27 Sep 2017

Mean streets

It was the year 2000, and it was the capital of the self-proclaimed Land of the Free. Our group leader gathered the gaggle of teenage travellers around her, put down a city map and drew a fat red line all the way across it. "Listen up", she said. "Do not venture north of this line. Not ever. It's a no-go area. Understood?"

Since then, similar red lines have been drawn for me in too many cities, from Buenos Aires to  Detroit and from New York to Rio. Never, though, in Montréal.

It wasn't until a recent quality-of-living study that I became conscious of the fact that there aren't really any "no-go areas" in my adopted home city.
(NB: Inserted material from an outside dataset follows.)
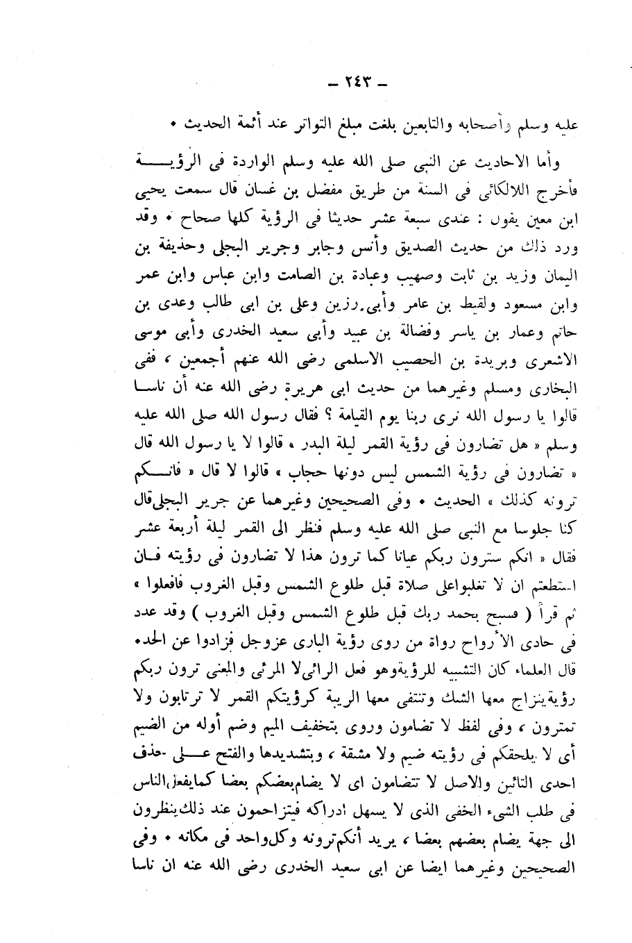 عَلَيْهِ وَسَلَّمَ وَأَصْحَابِهِ وَالتَّابِعِينَ بَلَغَتْ مَبْلَغَ التَّوَاتُرِ عِنْدَ أَئِمَّةِ الْحَدِيثِ. وَأَمَّا الْأَحَادِيثُ عَنِ النَّبِيِّ - صَلَّى اللَّهُ عَلَيْهِ وَسَلَّمَ - الْوَارِدَةُ فِي الرُّؤْيَةِ فَأَخْرَجَ اللَّالْكَائِيُّ فِي السُّنَّةِ مِنْ طَرِيقِ مُفَضَّلِ بْنِ غَسَّانَ قَالَ: سَمِعْتُ يَحْيَى بْنَ مَعِينٍ يَقُولُ: عِنْدِي سَبْعَةَ عَشَرَ حَدِيثًا فِي الرُّؤْيَةِ كُلُّهَا صِحَاحٌ.

And that this is probably the exception rather than the rule in North America.

Yes, there may be a few neighborhoods where you'd feel out of place walking in the middle of the night. And there are definitely areas that just feel inherently hostile to pedestrians at any time of day, with roaring traffic, abandoned sidewalks and bland warehouses lining the roads for miles kilometers. But even there, the biggest threat is likely to be run over by a distracted driver not expecting anyone on foot.

The kind of random violence that mars many other big cities is rare in Montréal. CTV has put together a homicide map, which is remarkable not just for its relatively low number of occurrences (26, plus 7 people killed by police in 2016) but also its even distribution over the entire island. There are no "bad places".

Unfortunately, the map doesn't specify each murder's circumstances, but I can't recall any media coverage on random shootings or violent assaults on strangers. It would seem that even Canadian pickpockets - of which there are plenty - are essentially gentle.

All of this serves to illustrate an important aspect of quality of life: The freedom from fear for one's life. Too many urbanites on this planet do not have this luxury, and those who do, including this blogger, often don't value it enough. Canada may not call itself the Land of the Free, but it would arguably have a better claim to it.

With this in mind, I stroll through the city with newfound appreciation for its safety. Which leaves me free to worry about the true dangers of Montréal roads: Collapsing tunnelscrumbling bridges and man-eating potholes!